Apple stock falls as EU regulators tighten screws and China bans iPhones for government workers
  • Apple stock dropped about 3% Wednesday following developments with regulators in Europe and China.
  • The European Commission named Apple a "gatekeeper" along with Microsoft, ByteDance, Meta, Amazon, and Alphabet.

Apple stock declined roughly 3% on Wednesday following a pair of regulatory developments in Europe and China.

On Wednesday, the European Commission named Apple as one of six tech companies acting as "gatekeepers" of online services. The other firms included Alphabet, ByteDance, Meta, Microsoft, and Amazon.

According to the EC's Digital Markets Act, which went into effect last November, a "gatekeeper" of a core service is a company with greater than 45 million monthly active users and a market cap of $82 billion.

Businesses given that label have to make their messaging apps work with rival platforms and allow users to decide which services to pre-install on their smartphones.

Apple, alongside the other named companies, now has six months to comply with the EC's demands, or else they can face fines of up to 10% of annual global turnover.

Meanwhile, the Wall Street Journal reported that China has banned iPhone use for government officials while at work, the latest step from Beijing to cut reliance on American and overseas technologies. Already, some government workers faced iPhone restrictions depending on which agency they worked in, but the latest measure extends those more broadly.

As for Apple, the company relies on China as a major market and also a key place of production. Most of its products are made in China, and Apple employs millions of people throughout the country.

The US similarly has banned public employees from using ByteDance's app, TikTok, on work devices and Wifi networks.

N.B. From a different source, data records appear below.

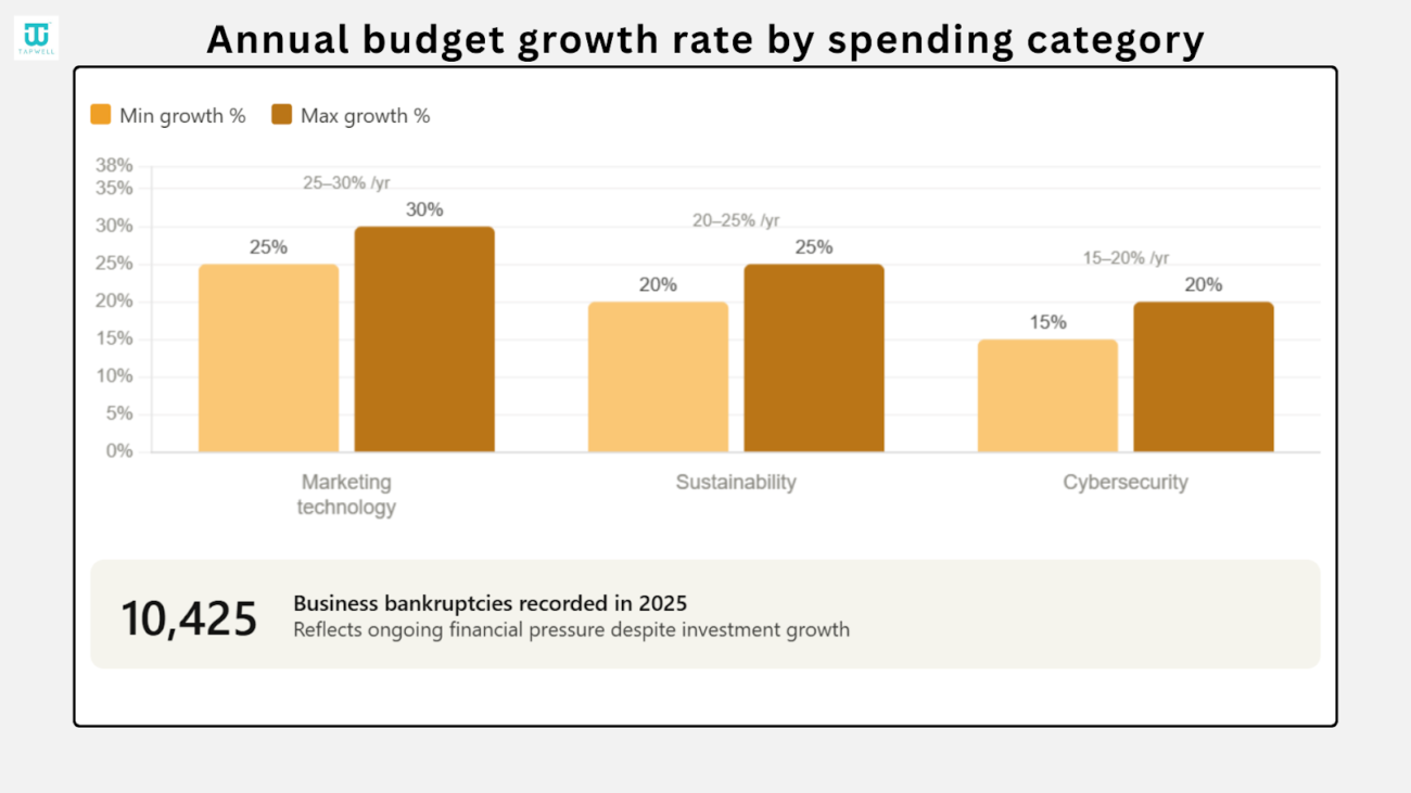 Businesses are increasing their spending on growth and long term strategy. Companies now focus more on expansion, partnerships, and sustainability. These trends show how businesses plan for future growth instead of short term gains.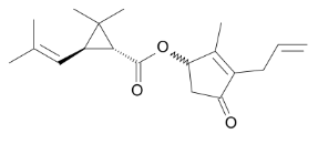 D-allethrin (d-cis,trans-allethrin, (+)-allethrin, (2-methyl-4-oxo-3-prop-2-enylcyclopent-2-en-1-yl)-(1R)-2,2-dimethyl-3-(2- methylprop-1-enyl)cyclopropane-1-carboxylate, CAS#584-79-2) is an ectoparasiticide. It consists of four of the eight stereosiomers of allethrin.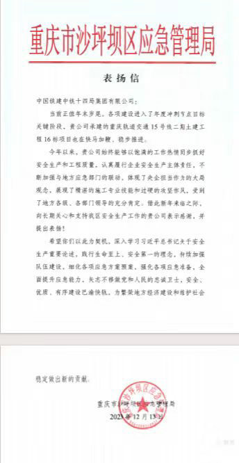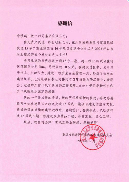 冬寒信暖,備受鼓舞。元旦前夕,中國鐵建重慶軌道交通15號線二期總承包部16標14局項目部收到重慶市沙坪壩區(qū)軌道交通辦公室、重慶市沙坪壩區(qū)應急管理局、重慶市北碚區(qū)住房和城鄉(xiāng)建設委員會等發(fā)來的感謝信,信中對項目部恪盡職守精準履約,施工工序注重水保環(huán)保“綠色施工”常態(tài)化,無煙塵、無噪音工地和棄土外運不擾民給予了高度贊揚,肯定了項目部在施工過程中展現出披荊斬棘的奮發(fā)姿態(tài),孜孜不倦的創(chuàng)新精神。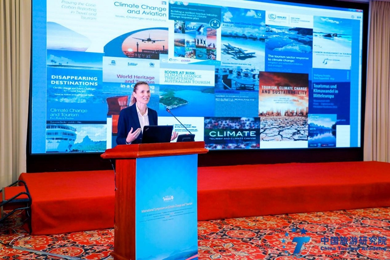 国家气侯中心变化首席正研徐影女士介绍了中国气候变化领域研究最新进展与趋势,提出旅游业应增强主动应对气侯变化的综合能力,建立健全应对气侯变化的保障机制。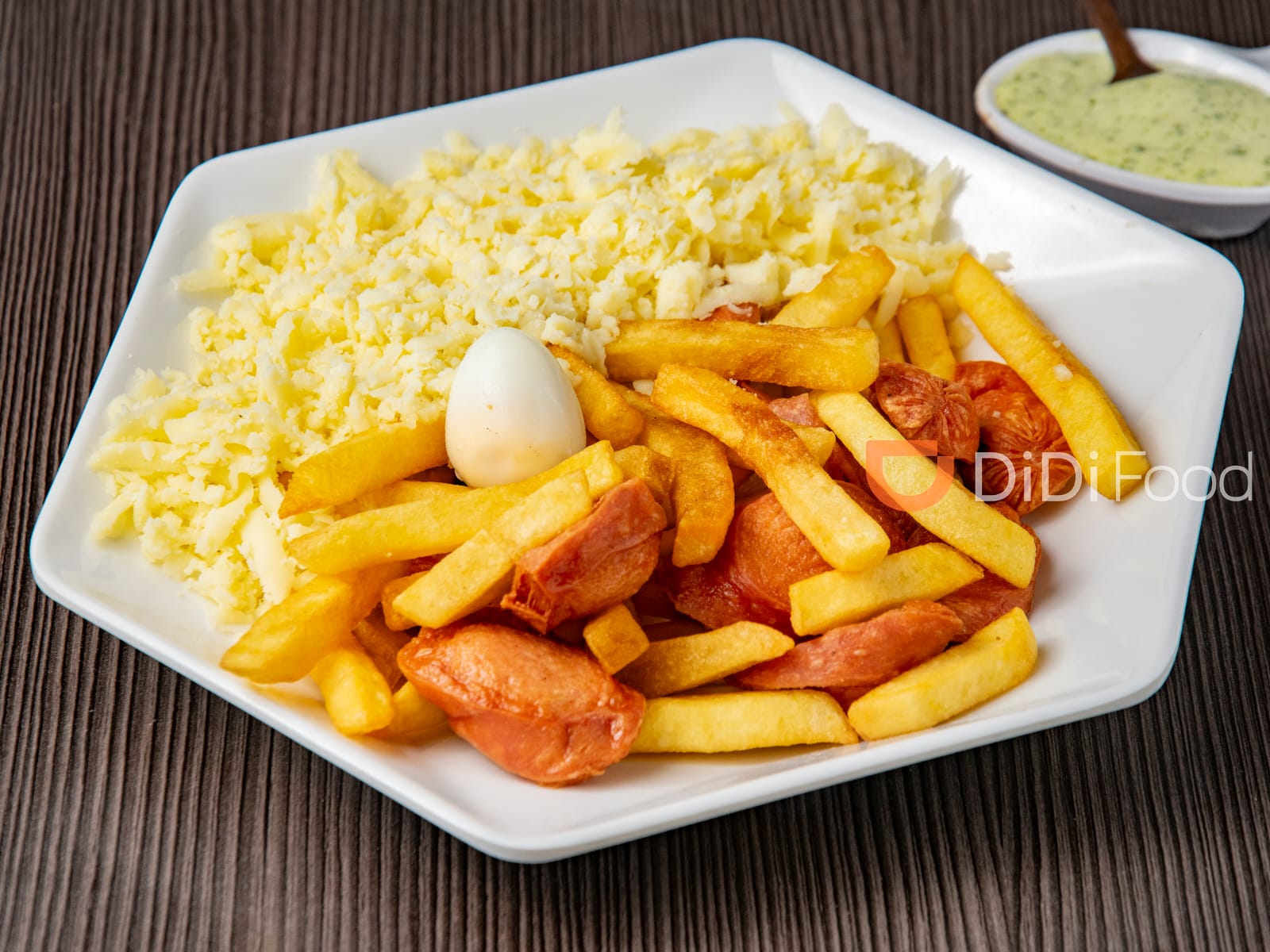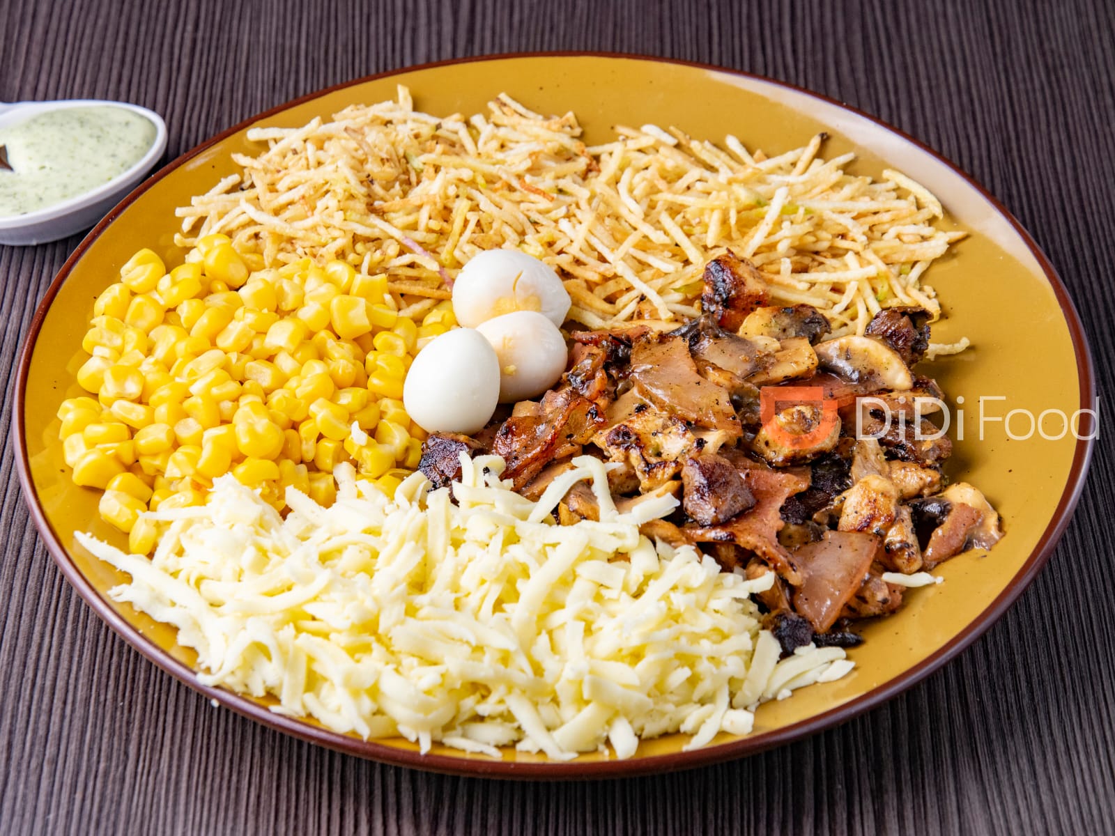 Chorizo, papa a la francesa, pollo desmechado, champiñon, huevo de codorniz y queso.

Plus, US lawmakers have proposed legislation that would ban the Chinese app nationwide.

Wall Street remains bullish on the technology sector at large. Goldman Sachs strategists highlighted in a Monday note that the sector has dominated the stock market ever since Apple became the biggest company in the world about a decade ago.

The bank said technology lowers prices for consumers, which means lawmakers are less likely to target tech firms from that angle.

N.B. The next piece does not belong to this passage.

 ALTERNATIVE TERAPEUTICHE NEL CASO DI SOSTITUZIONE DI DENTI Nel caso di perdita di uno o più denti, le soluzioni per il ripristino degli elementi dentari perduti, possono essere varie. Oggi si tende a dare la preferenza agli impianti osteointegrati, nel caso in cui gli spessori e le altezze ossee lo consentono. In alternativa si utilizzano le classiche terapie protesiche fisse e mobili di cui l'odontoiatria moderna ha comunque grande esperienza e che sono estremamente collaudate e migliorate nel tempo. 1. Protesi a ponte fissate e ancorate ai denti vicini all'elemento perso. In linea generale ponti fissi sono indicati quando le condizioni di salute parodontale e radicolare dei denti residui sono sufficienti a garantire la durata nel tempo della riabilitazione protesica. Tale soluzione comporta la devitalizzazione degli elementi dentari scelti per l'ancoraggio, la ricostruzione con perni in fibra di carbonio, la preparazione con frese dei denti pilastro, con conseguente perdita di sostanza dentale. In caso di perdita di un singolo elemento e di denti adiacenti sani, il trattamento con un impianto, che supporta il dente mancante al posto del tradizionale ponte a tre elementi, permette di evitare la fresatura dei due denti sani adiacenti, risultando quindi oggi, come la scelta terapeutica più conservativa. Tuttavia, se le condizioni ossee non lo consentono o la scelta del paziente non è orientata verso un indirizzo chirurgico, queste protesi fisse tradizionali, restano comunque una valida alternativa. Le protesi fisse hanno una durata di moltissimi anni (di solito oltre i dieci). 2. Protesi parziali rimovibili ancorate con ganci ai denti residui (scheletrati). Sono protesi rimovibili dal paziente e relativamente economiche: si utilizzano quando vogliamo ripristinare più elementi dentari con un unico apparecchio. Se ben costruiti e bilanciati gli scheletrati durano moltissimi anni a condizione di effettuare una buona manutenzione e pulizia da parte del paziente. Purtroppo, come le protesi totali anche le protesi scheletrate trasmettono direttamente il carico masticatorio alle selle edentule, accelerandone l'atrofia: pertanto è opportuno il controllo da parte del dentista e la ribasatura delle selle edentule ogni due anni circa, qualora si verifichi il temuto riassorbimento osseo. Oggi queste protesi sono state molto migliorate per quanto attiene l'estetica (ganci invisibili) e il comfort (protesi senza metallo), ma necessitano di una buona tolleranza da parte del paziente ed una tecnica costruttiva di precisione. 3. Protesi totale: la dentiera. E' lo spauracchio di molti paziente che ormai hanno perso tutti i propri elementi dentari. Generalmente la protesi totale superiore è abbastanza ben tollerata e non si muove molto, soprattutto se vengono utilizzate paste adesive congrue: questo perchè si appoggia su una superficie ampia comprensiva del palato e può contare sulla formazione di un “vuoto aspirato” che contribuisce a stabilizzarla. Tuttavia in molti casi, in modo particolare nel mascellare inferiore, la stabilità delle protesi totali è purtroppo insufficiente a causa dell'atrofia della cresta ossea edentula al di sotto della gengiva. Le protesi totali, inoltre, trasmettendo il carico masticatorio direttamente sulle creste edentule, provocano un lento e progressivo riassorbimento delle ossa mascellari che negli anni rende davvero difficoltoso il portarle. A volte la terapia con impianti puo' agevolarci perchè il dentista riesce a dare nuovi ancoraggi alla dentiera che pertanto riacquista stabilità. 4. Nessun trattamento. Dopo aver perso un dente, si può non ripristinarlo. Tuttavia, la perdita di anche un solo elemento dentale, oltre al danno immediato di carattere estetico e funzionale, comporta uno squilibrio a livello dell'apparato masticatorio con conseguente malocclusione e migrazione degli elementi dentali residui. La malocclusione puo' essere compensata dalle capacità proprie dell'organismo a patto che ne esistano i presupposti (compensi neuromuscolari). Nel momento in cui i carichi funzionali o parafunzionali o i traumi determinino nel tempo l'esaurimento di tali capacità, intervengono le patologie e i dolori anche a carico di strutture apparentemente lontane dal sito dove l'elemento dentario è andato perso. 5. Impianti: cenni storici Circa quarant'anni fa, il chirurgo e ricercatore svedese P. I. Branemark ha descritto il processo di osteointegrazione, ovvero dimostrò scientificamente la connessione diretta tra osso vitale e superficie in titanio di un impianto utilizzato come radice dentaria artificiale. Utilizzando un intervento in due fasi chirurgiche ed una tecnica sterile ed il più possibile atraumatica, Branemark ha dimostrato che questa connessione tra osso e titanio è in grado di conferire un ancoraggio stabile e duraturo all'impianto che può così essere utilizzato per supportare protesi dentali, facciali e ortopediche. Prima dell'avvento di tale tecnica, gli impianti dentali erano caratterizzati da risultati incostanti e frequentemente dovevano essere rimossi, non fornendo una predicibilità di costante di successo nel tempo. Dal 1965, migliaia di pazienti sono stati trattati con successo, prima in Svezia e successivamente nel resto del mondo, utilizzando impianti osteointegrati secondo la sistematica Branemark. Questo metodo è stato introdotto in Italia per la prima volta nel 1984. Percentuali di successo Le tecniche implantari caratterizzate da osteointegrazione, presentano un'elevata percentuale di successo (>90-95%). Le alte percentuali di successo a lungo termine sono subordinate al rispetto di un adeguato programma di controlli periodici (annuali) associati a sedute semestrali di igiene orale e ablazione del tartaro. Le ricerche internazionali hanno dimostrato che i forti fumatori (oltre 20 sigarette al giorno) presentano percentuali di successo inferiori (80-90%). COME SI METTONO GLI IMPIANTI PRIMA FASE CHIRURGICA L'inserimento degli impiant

"In this way the tech sector from a policy perspective may be different from others, such as banks, supermarkets or energy companies, where politicians often argue that the benefits (for example of higher interest rates for savers, or lower food and energy prices) are not being passed on to consumers," Goldman strategists said. "This does not make technology companies immune from regulation, but it is more likely to come from issues around privacy and use of data, or the impact on mental health, than on pricing."